Effect of Abdominal Ultrasound on Clinical Care, Outcomes, and Resource Use Among Children with Blunt Torso Trauma: A Randomized Clinical Trial8
It’s been known for quite some time the utility of the abdominal focused assessment with sonography for trauma (FAST) is primarily in the unstable patient. This clinical trial evaluated the utility of FAST in children who were clinically stable. As expected, FAST in a stable patient did not change any measured outcomes, and the ultrasound examinations resulted in both substantial false positives and false negatives. Routine ultrasound should not be considered part of the standard clinical approach to the stable pediatric trauma patient.
That’s all we have time for this year. Chances are, next year will similarly provide a steady stream of practice-evolving evidence—and we’ll be back at this again!
- Prandoni P, Lensing AW, Prins MH, et al. Prevalence of pulmonary embolism among patients hospitalized for syncope. N Engl J Med. 2016;375(16):1524-1531.
- Yan Z, Ip IK, Raja AS, et al. Yield of CT pulmonary angiography in the emergency department when providers override evidence-based clinical decision support. Radiology. 2017;282(3):717-725.
- van der Hulle T, Cheung WY, Kooij S, et al. Simplified diagnostic management of suspected pulmonary embolism (the YEARS study): a prospective, multicentre, cohort study. Lancet. 2017;390(10091):289-297.
- WOMAN Trial Collaborators. Effect of early tranexamic acid administration on mortality, hysterectomy, and other morbidities in women with post-partum haemorrhage (WOMAN): an international, randomised, double-blind, placebo-controlled trial. Lancet. 2017;389(10084):2105-2116.

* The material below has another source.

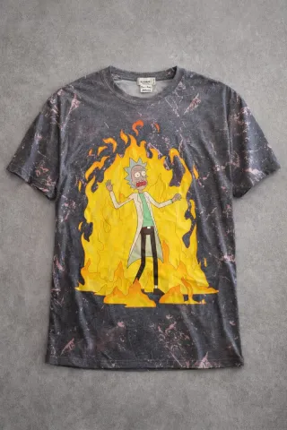 Camiseta con estampado de Rick Sanchez en llamas. - Diseño llamativo de la serie Rick and Morty. - Estampado integral con efecto desgastado.

- Pollack CV Jr, Reilly PA, van Ryn J, et al. Idarucizumab for dabigatran reversal – full cohort analysis. N Engl J Med. 2017;377(5):431-441.
- Sinert R, Levy P, Bernstein JA, et al. Randomized trial of icatibant for angiotensin-converting enzyme inhibitor-induced upper airway angioedema. J Allergy Clin Immunol Pract. 2017;5(5):1402-1409.e3.

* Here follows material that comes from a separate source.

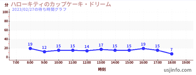 • ハローキティのカップケーキ・ドリーム$B$N(B2023年02月27日の待ち時間
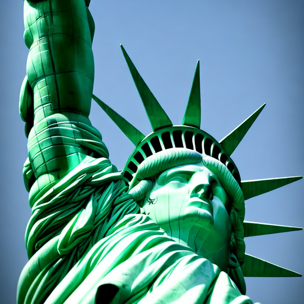 a close photo of the hand of the Statue of Liberty, holding the torch, rusty, green post apocalypse

- Babl FE, Borland ML, Phillips N, et al. Accuracy of PECARN, CATCH, and CHALICE head injury decision rules in children: a prospective cohort study. Lancet. 2017;389(10087):2393-2402.
- Holmes JF, Kelley KM, Wootton-Gorges SL, et al. Effect of abdominal ultrasound on clinical care, outcomes, and resource use among children with blunt torso trauma: a randomized clinical trial. JAMA. 2017;317(22):2290-2296.